A comment on adding the foundationless super. Bees start building combs from the top. If you add a foundationless super, there is a big empty gap between the bee cluster, and the top of the next box. Result, it is majorly difficult for the bees to get a cluster up there & start comb building, they may even swarm before venturing to the new super. What they need is a bridge. That is, 2 or 3 fully built combs in the new super, that are built right down as far as the bee cluster. The bees will take to these combs, and work their way up to the top of the super & then start building new combs. Start by having the bridge combs in the centre of the new super, then after enough time has passed for the bees to be established on these combs and working on them, you can start spreading the combs putting empty frames between, one at a time at first, to encourage the bees to build new comb.

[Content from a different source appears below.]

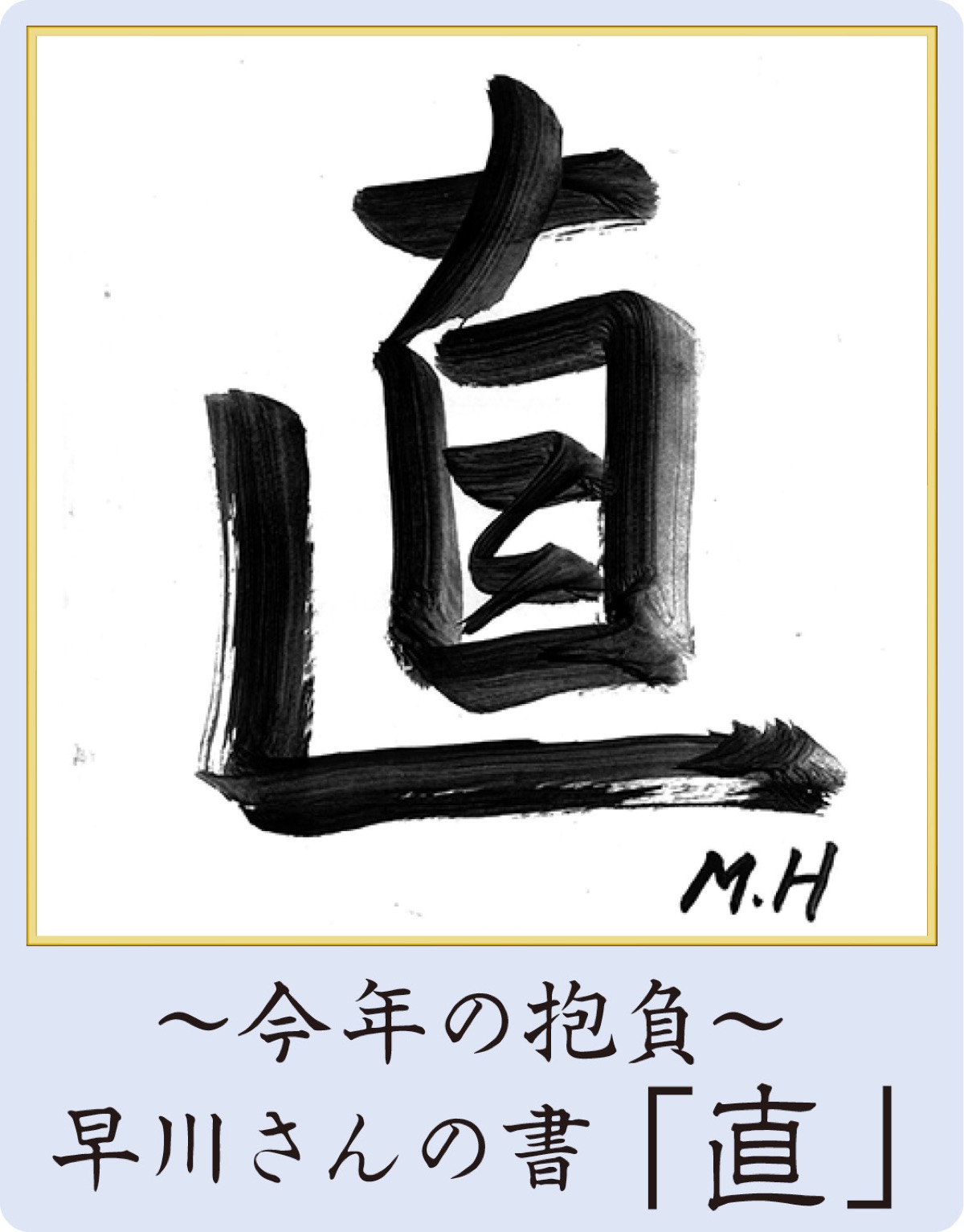 そんな早川さんの今年の抱負は「直」。「人を信じられなくなっている今、必要なのは人間としての道を外れず、素直であり、信念を持って生きること」と力強く語る。
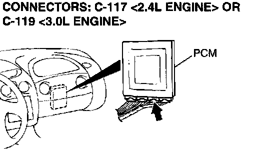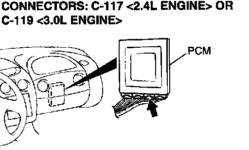 1) Do not disconnect connector C-117 <2.4L Engine> or C-119 <3.0L Engine>.

You will eventually get a "feel" for your bees, and not need to refer to advice such as I have just given, you will look at the hive & just know what they need, and be able to do it based on your own experience.


----------



## enjambres

Congratulations from a fellow "Accidental Beekeeper". 

Last Spring I got three new colonies from my barn wall cavities put into proper hives and they have done very well, even surviving our extraordinarily early, long, and fiercely cold winter up here in northern NY. They have built up splendidly this year and are now in huge 5 to 7 box stacks. We are just about to start our main nectar/honey flow (black locust) and they are positively humming with energy. Before I got the hives set up I was just thinking that it was the "right thing to do" for the bees' sakes given all the challenges they are having. Little did I know that I would fall head over heels in love with them. I hope you have as much pleasure from your bees as I have with mine.

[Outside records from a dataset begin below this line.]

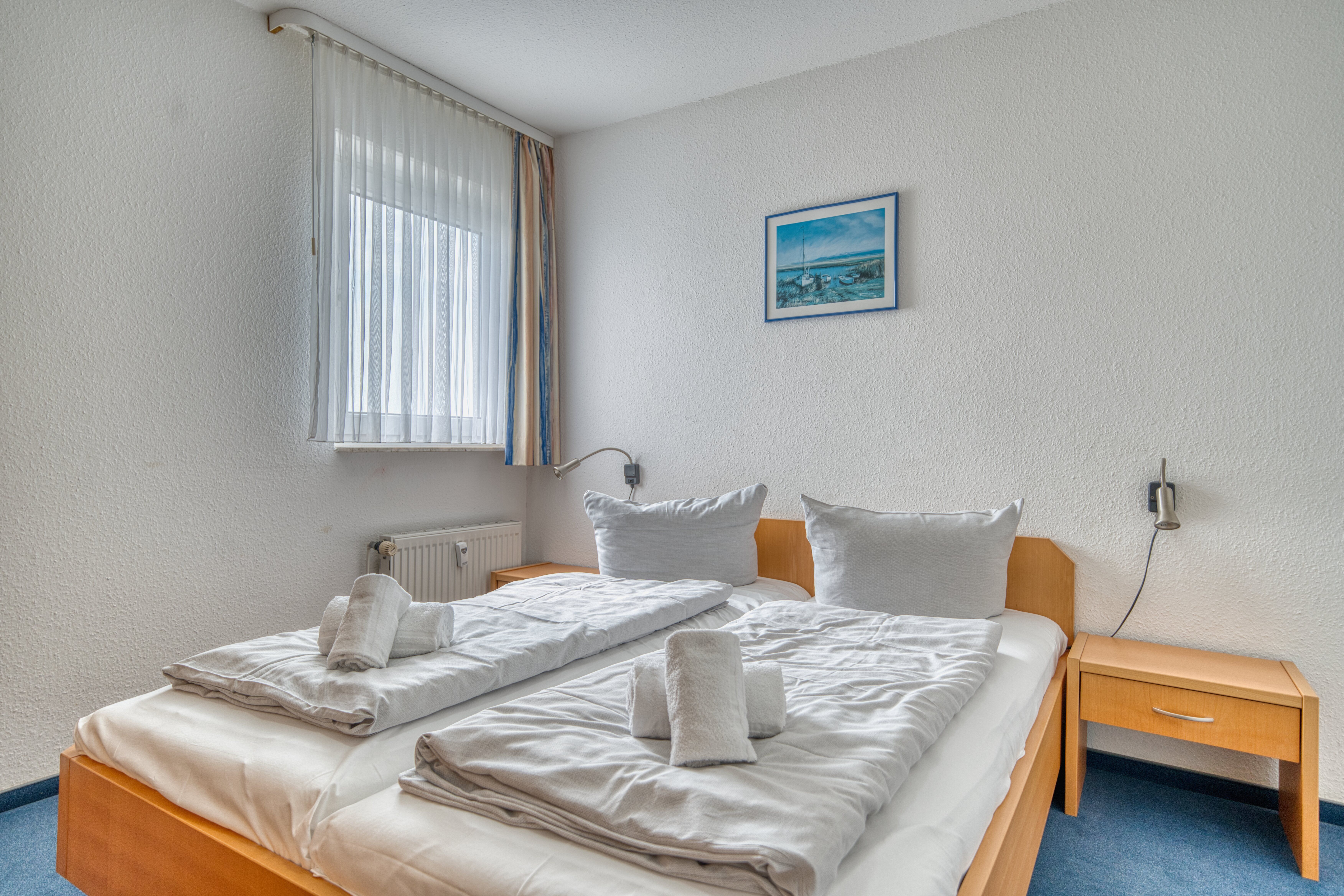 Separates Schlafzimmer mit Fernseher, Doppelbett und Fenster für erholsame Nächte
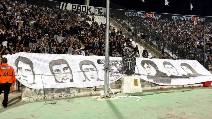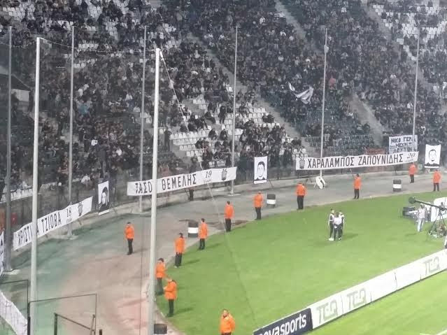 Ως εκ τούτου, όπως συνηθίζουν οι οπαδοί του ΠΑΟΚ, στα κάγκελα των εξεδρών του γηπέδου της Τούμπας είχαν αναρτηθεί οι προσωπογραφίες και τα ονόματα των θυμάτων.
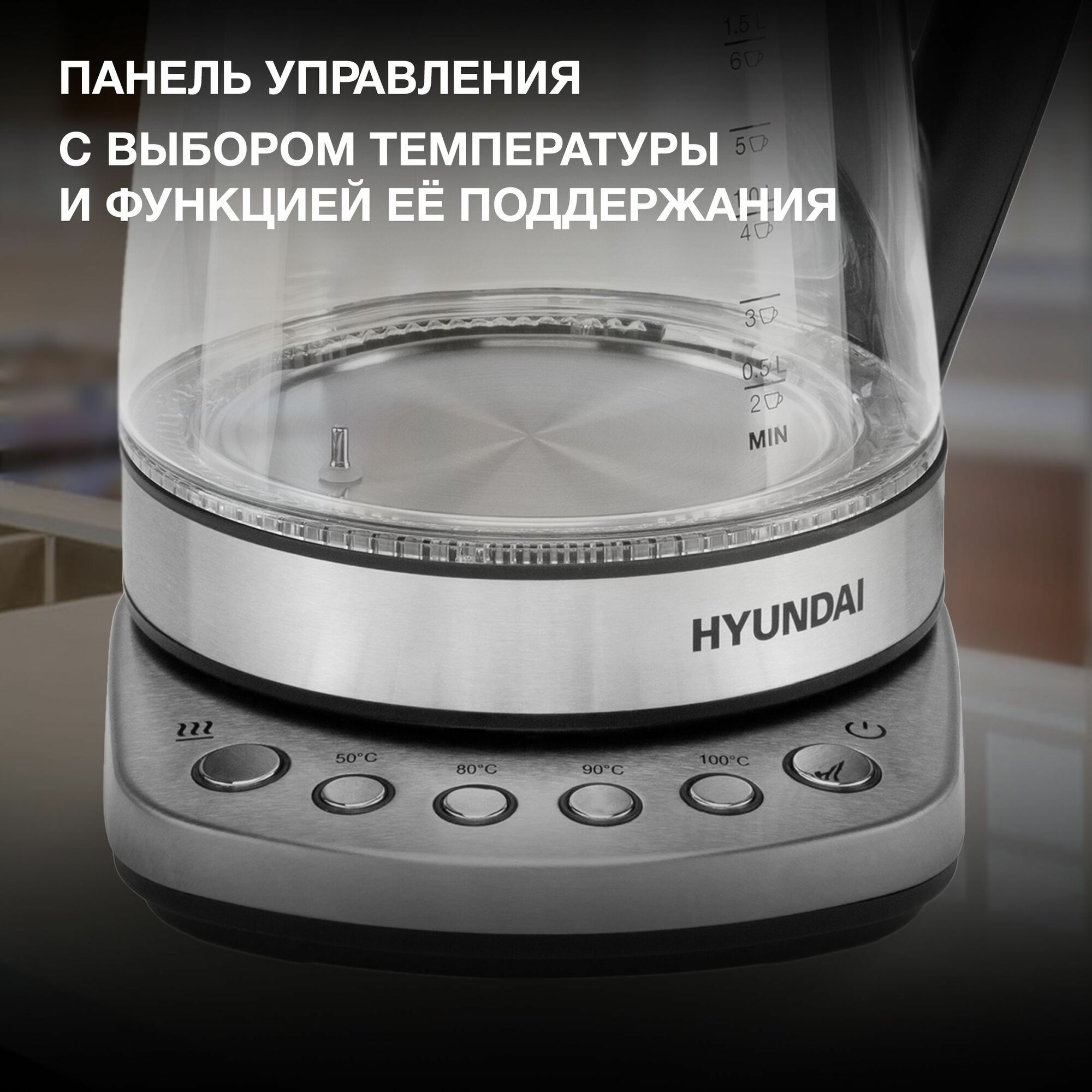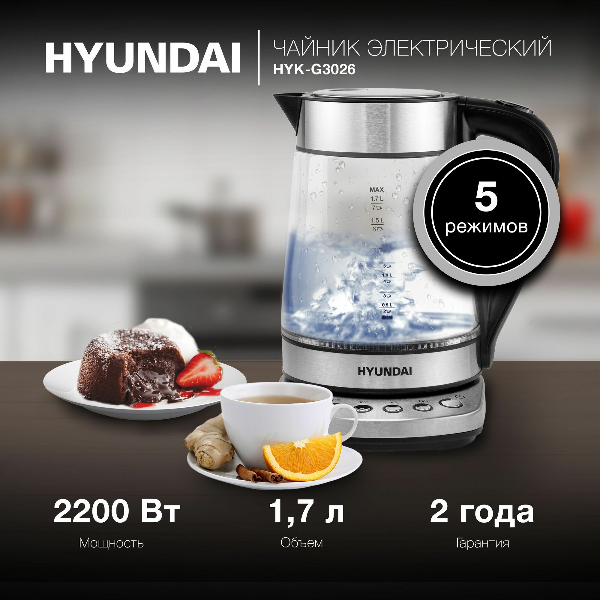 Чайник электрический Hyundai HYK-G3026 серебристый/черный, объём 1.7л, мощность 2200Вт, материал корпуса: стекло интересное:

Here is something that you can get set up and it will give something useful to "do" for your bees that will be satisfying and still very non-disruptive to them. Buy or order on line a varroa monitoring board and the necessary screen bottom board to go with it and start testing for varroa mites. Set the screened bottom board up so it is on top of your solid bottom board and so the open slot for the sticky board faces the _back_ of the hive. That way you can insert/remove the board any time of day, even at night when you ordinarily wouldn't want to mess around with the girls. Knowing your mite levels will give you a heads up on one of the main challenges to bees right now. You don't need to decide beforehand what approach you want to take about treating them, but if you know the mite levels a big, important question is answered whenever you think you may have a problem.

If you decide to take my advice and get a varroa monitoring sticky board, post back here and I will walk you through the test procedures I use. I have learned far more than just the mite levels from doing testing all year. There's lots to be learned about bees by studying what falls down through the bottom screen. And, speaking as a someone who started with bees, first - and like you with no advance planning - and only afterward began to study and learn about them, I found varroa testing an excellent way to develop a feel for my hives' well-being. 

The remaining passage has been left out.